Usted está aquí: jueves 19 de mayo de 2005 Opinión Welles, la pura verdad

Olga Harmony

Welles, la pura verdad

El dramaturgo canadiense Jason Sherman retrata una de las épocas más turbulentas de la historia de Estados Unidos, cuando los ecos del caso Sacco y Vanzetti, ocurrido 10 años atrás, no se habían apagado del todo. También es el momento del giro que Franklin D. Roosevelt da a las grandes gestas obreras iniciadas en el siglo anterior con los mártires de Chicago, al cooptar al sindicalismo en su afán de levantar la economía tras el crack de la bolsa de 1929; los líderes sindicales se apartaron desde entonces de toda intención de incidir en la sociedad y llegaron a la corrupción plena de un Hoffa en los años 50. La narrativa y el teatro -no sólo el citado Clifford Odets, en ese momento aquietada su posición política con el estreno de El niño de oro, por lo que Da Silva lo acusa de traidor- de muchos connotados autores que después serían pasto del maccar-thismo de la guerra fría, dieron obras progresistas si no de izquierda que atestiguan la vitalidad de esos tiempos en el país vecino. 1937 es el momento de la acción que relata la historia de censura sufrida por La cuna se mecerá de Marc Blitzstein dirigida por Orson Welles, cuando los dirigentes del sindicalismo ya oficial niegan su apoyo y hasta la boicotean, pero los trabajadores -quizás por última vez se rebelen a sus instancias de dirigencia- acuden masivamente a su defensa.

Shermann contrasta ese aliento social con la postura de Orson Welles, el creador genial individualista que se interesa por la obra porque desea hacer un espectáculo musical, así sea con los aficionados o actores muy de segunda que su empresario puede costear, más que por el contenido revolucionario del texto (aunque muy poco después‚ con su obra maestra Ciudadano Kane haga una ácida crítica al capitalismo despiadado). El dramaturgo maneja todos esos contrastes, aunque desde mi punto de vista sobran las escenas retrospectivas del amor de Marc Blitzstein por Eva, que retrasan innecesariamente la acción principal, cuando el tema amoroso ya se da por la relación de Olivia y Howard, ésta sí indispensable para entrever la vida del personaje femenino con su desempeño actoral. A través de un tratamiento que no evade el humor, se van desenvolviendo los personajes, sobre todo el del protagonista en su empecinamiento de director dictador por sacar avante el proyecto, así sea sin la escenografía y el vestuario -que incluye la graciosa idea de la peluca de Da Silva embargada- que su poderosa imaginación pide.

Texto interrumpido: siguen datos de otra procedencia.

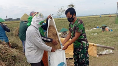 Dalam kesempatan itu, Babinsa Sertu Tofik menuturkan salah satu warga yang disambanginya yaitu Darkam (50) yang sedang memanen padi miliknya. Panen padi di atas lahan seluas 1 Hektar dengan varietas Padi jenis HT menghasilkan profitas sebanyak 6,5 ton.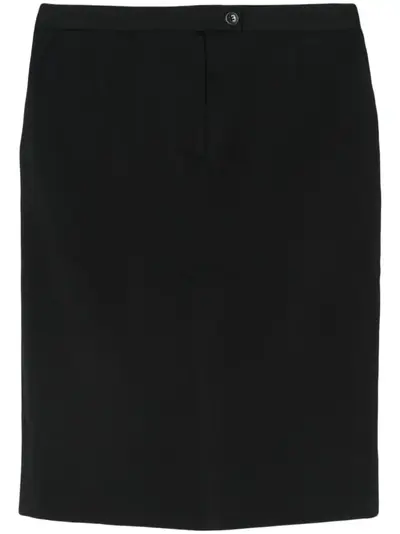 circa 2000s black wool twill weave two side slash pockets knee-length central rear vent unlined straight hem concealed zip-fly and button fastening Condition: GOOD. This previously owned and used item is in good condition with minimal signs of use. This may include fading of material or plating and scratches.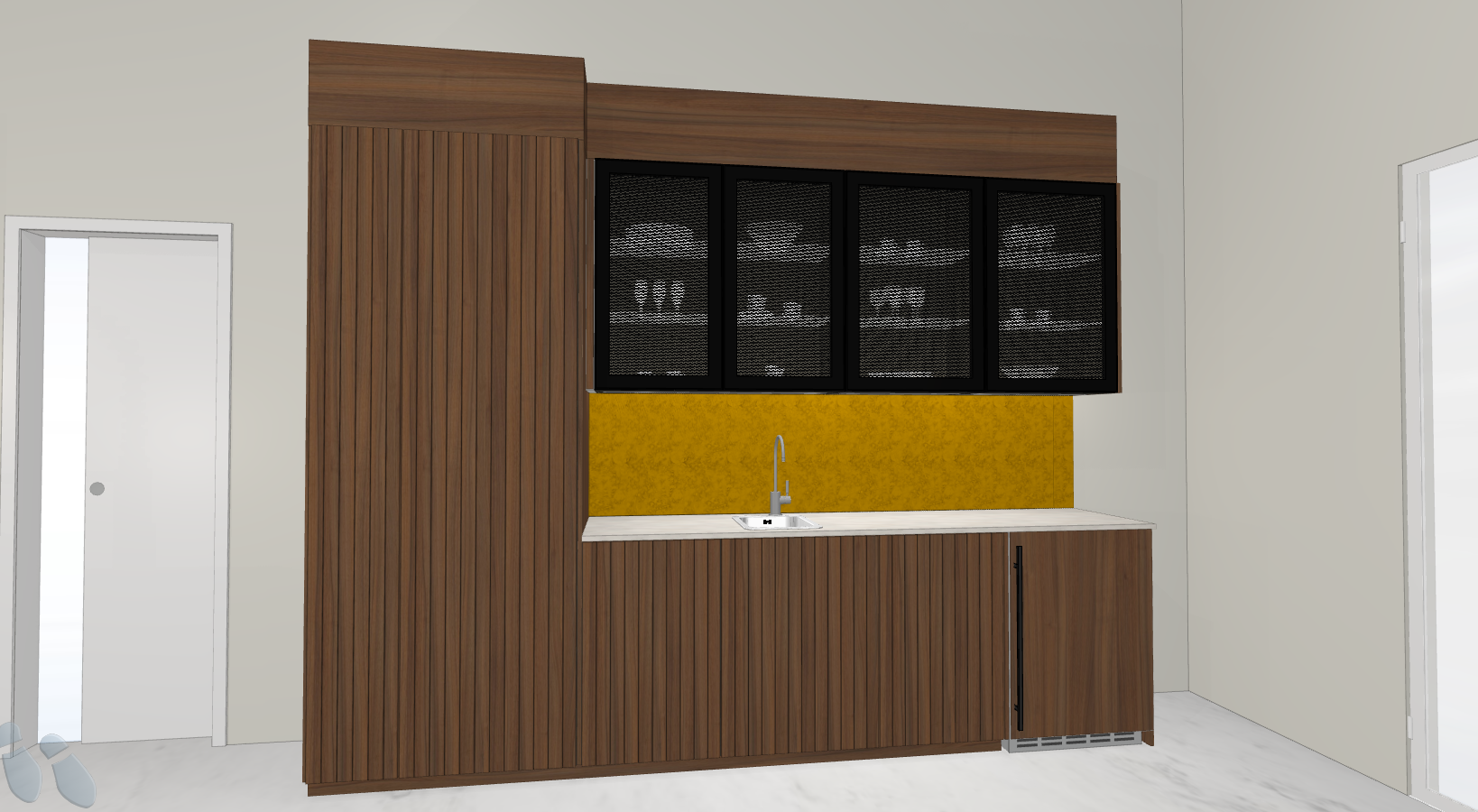 elegant bar with upper black cabinets with grid

Muy acorde con esto último, la escenografía de Xochitl González, también iluminadora, es muy escueta y en un único espacio ofrece, con algunos muebles y trastos que mueven los mismos actores, la oficina de John Houseman y los diferentes ámbitos del teatro en que se ensaya, así como el lugar en donde Wells representa Fausto. En un buen contraste, el vestuario diseñado por Pilar Boliver -coproductora junto a Los endebles de la escenificación- y las caracterizaciones de la época son muy cuidados y realistas. Apoyado por ambas y por la música original de Donald Horsburg, así como por la pulcra traducción de Luz Emilia Aguilar Zinzer, Boris Schoemann dirige con eficaz trazo y muy buen ritmo, marcando el tono de cada escena, desde las agitadas sesiones de los implicados en el proyecto y sus diferentes razones ideológicas, hasta el erotismo de la relación entre Howard y Olivia o la ternura del amor de Marc y Eva, sin olvidar los cómicos momentos de los ensayos de la obra.

El trabajo actoral del reparto es muy desigual, aunque en términos generales es bueno. Carlos Pascual, de gran parecido físico con Welles, lo que lo ayuda, no tiene la voz y la formidable presencia escénica de aquél, pero logra que esto se olvide por momentos. Pedro Mira, quien encarna a John Houseman, se excede en el grito y está más bien plano. Miguel Conde, como Marc Blitzstein, muestra sensibilidad y buen desempeño pianístico gracias a la colaboración de la maestra Frania Mallorquín. Talía Marcela logra caracterizar bien sus dos personajes, Jean Rosenthal y Virginia Welles. Juan Carlos Remolina -quizás el de mayor experiencia en los escenarios- dota a su Howard Da Silva de la pasión ideológica y el donjuanismo que transita a la renunciación generosa. Monserrat Marañón hace de la tímida principiante Olivia Stanton un estereotipo, quizás para diferenciarla de la dulce Eva y de la mesera, aunque no deja de tener momentos graciosos.